A high-stakes legal showdown between HYBE and former ADOR CEO Min Hee-jin has escalated, centering on the exercise of a put option worth approximately ₩26 billion (USD $18.8 million) and the legitimacy of a shareholder agreement termination.
The Seoul Central District Court held its first hearing on June 12, with both sides presenting opposing interpretations of the contractual termination timeline and its implications for stock redemption rights.
Timeline Disputed: When Was the Contract Terminated?
At the heart of the dispute lies the timing of HYBE’s termination of its shareholder agreement with Min.

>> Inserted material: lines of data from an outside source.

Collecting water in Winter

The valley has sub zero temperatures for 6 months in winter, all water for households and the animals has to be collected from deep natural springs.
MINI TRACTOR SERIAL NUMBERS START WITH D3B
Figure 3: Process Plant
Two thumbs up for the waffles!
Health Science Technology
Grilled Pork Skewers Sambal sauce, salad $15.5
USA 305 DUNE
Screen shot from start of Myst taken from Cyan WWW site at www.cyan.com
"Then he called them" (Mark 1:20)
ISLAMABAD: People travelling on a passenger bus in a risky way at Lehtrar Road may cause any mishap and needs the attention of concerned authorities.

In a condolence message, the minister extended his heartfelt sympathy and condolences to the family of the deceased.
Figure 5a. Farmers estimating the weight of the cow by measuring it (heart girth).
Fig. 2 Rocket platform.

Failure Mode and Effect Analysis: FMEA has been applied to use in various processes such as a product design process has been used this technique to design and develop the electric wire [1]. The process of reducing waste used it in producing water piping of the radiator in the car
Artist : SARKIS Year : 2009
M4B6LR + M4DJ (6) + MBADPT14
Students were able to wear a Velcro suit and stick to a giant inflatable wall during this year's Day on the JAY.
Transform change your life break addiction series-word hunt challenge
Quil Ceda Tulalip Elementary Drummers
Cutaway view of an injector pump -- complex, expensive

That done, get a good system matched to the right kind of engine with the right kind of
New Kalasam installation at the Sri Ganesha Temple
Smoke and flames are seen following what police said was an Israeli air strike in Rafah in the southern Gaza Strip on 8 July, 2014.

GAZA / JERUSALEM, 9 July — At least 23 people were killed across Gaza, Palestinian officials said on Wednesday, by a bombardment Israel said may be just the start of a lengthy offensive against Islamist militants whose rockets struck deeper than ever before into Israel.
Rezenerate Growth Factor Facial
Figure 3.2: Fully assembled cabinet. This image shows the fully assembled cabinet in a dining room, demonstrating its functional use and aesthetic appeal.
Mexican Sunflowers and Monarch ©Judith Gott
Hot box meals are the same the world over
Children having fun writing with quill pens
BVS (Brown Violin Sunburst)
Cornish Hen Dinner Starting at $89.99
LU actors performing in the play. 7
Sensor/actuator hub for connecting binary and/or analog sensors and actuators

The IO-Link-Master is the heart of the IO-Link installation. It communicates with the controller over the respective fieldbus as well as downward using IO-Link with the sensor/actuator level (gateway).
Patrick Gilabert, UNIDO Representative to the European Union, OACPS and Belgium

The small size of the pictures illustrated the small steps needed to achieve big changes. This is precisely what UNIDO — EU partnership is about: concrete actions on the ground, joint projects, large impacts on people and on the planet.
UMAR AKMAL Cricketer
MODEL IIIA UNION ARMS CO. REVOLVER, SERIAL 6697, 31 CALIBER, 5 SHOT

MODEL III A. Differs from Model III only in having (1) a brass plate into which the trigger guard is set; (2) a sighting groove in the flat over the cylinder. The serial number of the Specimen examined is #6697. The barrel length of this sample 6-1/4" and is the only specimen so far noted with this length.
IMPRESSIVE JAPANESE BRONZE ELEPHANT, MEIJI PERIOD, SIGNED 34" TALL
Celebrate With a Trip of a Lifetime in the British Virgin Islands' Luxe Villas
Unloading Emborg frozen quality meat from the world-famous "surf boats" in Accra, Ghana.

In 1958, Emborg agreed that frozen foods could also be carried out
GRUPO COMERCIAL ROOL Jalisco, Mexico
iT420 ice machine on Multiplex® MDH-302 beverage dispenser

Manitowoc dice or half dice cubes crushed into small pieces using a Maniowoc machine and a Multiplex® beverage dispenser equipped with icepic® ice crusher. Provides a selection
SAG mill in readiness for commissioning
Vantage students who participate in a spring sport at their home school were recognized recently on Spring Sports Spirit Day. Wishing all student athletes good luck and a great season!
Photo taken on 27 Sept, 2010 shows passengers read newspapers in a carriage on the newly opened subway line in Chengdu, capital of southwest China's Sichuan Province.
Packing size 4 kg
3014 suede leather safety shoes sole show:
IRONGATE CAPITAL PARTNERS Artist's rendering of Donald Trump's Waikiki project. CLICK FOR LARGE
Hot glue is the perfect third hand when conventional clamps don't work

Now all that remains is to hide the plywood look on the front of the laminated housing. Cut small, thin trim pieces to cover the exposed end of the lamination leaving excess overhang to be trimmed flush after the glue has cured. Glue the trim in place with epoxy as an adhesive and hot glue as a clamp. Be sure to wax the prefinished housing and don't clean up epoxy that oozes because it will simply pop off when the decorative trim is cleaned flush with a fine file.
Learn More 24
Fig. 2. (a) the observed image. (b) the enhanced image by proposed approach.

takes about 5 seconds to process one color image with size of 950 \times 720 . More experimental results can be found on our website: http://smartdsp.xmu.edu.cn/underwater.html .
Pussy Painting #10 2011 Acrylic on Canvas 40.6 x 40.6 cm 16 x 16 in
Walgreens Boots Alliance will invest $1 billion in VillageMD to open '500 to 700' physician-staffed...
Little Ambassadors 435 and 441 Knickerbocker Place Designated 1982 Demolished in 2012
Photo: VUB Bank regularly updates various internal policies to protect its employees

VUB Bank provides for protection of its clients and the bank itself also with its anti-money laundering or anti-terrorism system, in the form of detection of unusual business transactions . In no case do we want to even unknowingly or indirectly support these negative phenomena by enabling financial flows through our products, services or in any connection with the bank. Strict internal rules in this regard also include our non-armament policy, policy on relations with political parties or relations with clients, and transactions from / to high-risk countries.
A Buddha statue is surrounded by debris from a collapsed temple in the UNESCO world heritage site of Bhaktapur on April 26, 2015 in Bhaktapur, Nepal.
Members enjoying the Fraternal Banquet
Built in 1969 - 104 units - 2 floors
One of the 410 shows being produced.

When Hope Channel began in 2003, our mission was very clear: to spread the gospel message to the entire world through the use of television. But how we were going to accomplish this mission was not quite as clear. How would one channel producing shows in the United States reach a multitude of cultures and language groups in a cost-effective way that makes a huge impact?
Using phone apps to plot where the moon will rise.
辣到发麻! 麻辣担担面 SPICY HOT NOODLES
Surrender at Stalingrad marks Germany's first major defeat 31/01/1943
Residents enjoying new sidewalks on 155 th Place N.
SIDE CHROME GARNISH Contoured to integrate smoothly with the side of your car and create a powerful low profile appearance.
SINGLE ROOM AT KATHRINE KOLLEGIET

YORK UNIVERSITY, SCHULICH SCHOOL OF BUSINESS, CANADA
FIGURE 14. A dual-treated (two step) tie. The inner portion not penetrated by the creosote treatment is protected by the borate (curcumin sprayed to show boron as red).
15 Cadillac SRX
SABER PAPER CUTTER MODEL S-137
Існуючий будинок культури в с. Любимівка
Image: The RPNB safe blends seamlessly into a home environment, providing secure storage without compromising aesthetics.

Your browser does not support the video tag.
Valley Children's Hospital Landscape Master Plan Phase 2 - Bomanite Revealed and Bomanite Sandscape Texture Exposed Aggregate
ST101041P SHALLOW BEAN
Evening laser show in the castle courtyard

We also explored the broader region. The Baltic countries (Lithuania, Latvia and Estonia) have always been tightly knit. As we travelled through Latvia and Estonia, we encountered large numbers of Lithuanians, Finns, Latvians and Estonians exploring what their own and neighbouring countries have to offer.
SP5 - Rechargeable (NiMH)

HYBE claims it sent a formal termination notice on July 8, 2024, citing violations by Min, while Min asserts she never accepted the termination and formally exercised her put option in November, shortly before resigning from ADOR.
The contract allows Min to request HYBE to repurchase 75% of her shares at a price calculated using 13 times the average operating profit of ADOR in 2022 and 2023—a figure that adds up to ₩26 billion.
Allegations of Tampering and Contract Breach
HYBE’s legal team accused Min of engaging in “tampering” and covertly plotting to extract NewJeans—ADOR’s flagship girl group—from the label. HYBE argued that Min’s actions, including contacting the parents of NewJeans members and instructing staff to impersonate them in protest emails to HYBE, constituted a serious breach of contract.
“She directed messages to be written in the voice of Hyein’s father and using the name of Danielle’s mother,” HYBE claimed. “Such deception and manipulation amount to betrayal and provide just cause for termination.”
In contrast, Min’s defense challenged the validity of HYBE’s contract termination, stating that the tampering accusation cannot apply since she only resigned and exercised the put option after the alleged events. “Termination came after the fact,” her side argued, “so tampering doesn’t apply.”
Disputed Evidence and Confidentiality Battle
HYBE presented a PT defense and KakaoTalk messages in court as evidence, claiming they detail conversations between Min and a former deputy director regarding the planning of the “NewJeans extraction.”
Min’s legal team objected to the public disclosure of these materials, raising concerns over privacy and the illegality of evidence collection, especially if such content were leaked to the media.
“PT files are not normally distributed to the media right after court,” Min’s side protested. “We are also concerned about how this could affect public perception.”
HYBE countered by arguing that the KakaoTalk messages were lawfully obtained and that the defendant had also previously leaked material to the media, including full names of HYBE employees.
The next hearing is scheduled for September 11 at 3:00 PM KST, where HYBE will formally present its prepared PPT argument. Witness testimony is also expected.
As tensions escalate, the case continues to draw intense public and industry scrutiny, not only for its financial implications but also for its impact on NewJeans, one of K-pop’s fastest-rising acts.